THE GAME
May 7th, 2008 adminI’ve just read Jeremy Paxman’s book The English: A Portrait of a People.
I particularly liked his assessment that while the French Revolution invented the Citizen, the English creation is the Game. Under the heading ‘The Ideal Englishman’ Paxman writes-
“Webb Ellis picked up the ball and ran with it during a game of soccer at Rugby School. Tennis was redeveloped by the Marylebone Cricket Club and the first of the world-famous Wimbledon tournaments was held in 1877. Englishmen set the standard distances for running, swimming and rowing competitions and developed the first modern horse-races.

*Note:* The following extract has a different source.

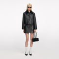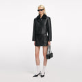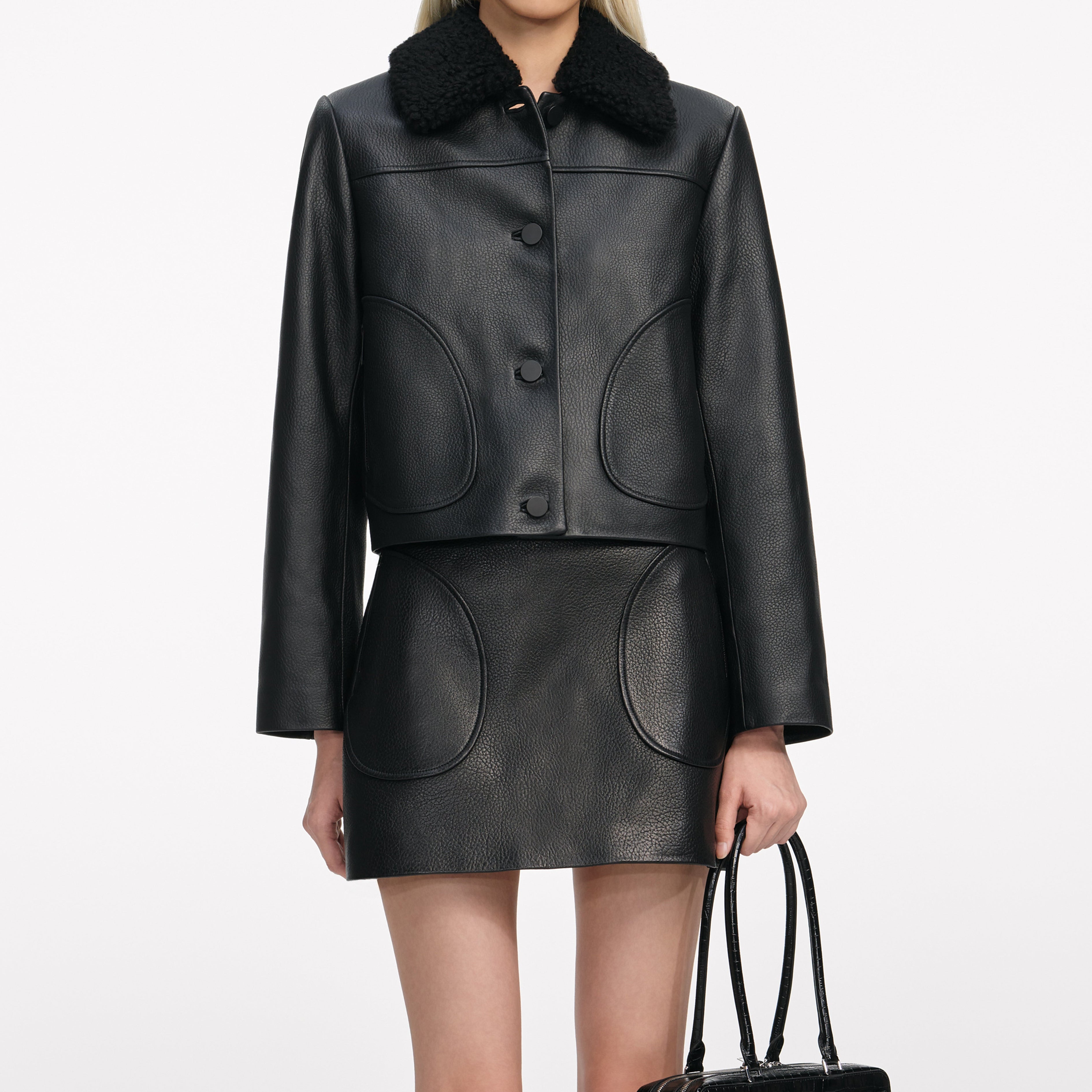 A timeless staple, this black leather jacket boasts an oversized collar and flash gunmetal buttons. Its cropped fit makes it an ideal styling piece – wear it with slip dresses and denim alike.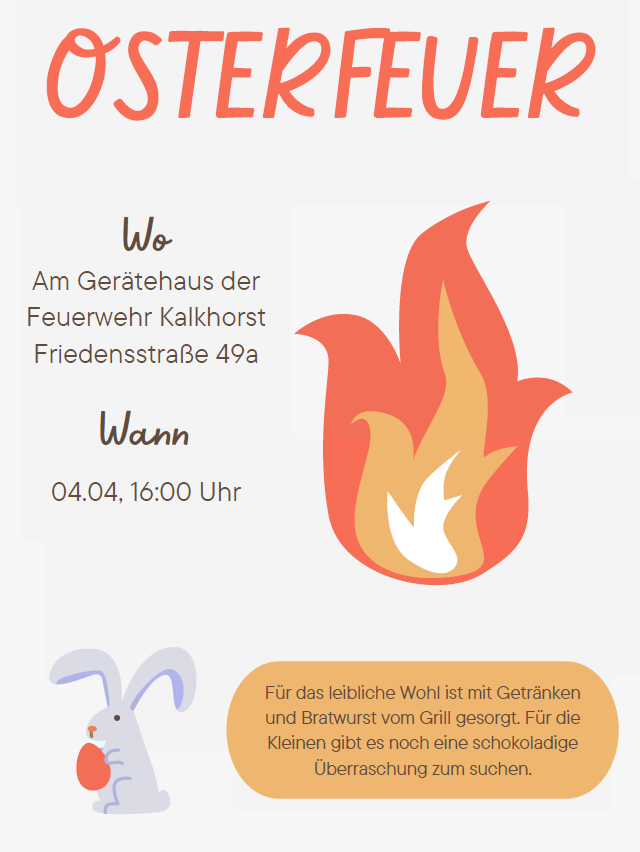 HervorgehobenGerätehaus Ortsfeuerwehr Kalkhorst Friedensstraße 49a, KalkhorstOSTERFEUER am Gerätehaus der Ortsfeuerwehr Kalkhorst (Friedensstraße 49a) am 04.04.26 um 16 Uhr. Für das leibliche Wohl ist mit Getränken und Bratwurst vom Grill gesorgt. Für die Kleinen gibt es noch eine schokoladige Überraschung zum suchen.

Contemporary hockey dates from the codification of rules by the Hockey Association in 1886, competitive swimming from the formation of the English Amateur Swimming Association in 1869, modern mountaineering can be dates from the 1854 attempt on the Wetterhorn by Sir Alfred Wills. The English invented goalposts, racing boats and stopwatches and were the first to breed modern racehorses. Even when they imported sports from abroad, like polo or skiing, the English laid down the rules. The first padded boxing glove was worn by the English prize-fighter Jack Broughton in the mid-eighteenth century, the Marquess of Queensbury codification of the rules of boxing followed over a century later. The list goes on.”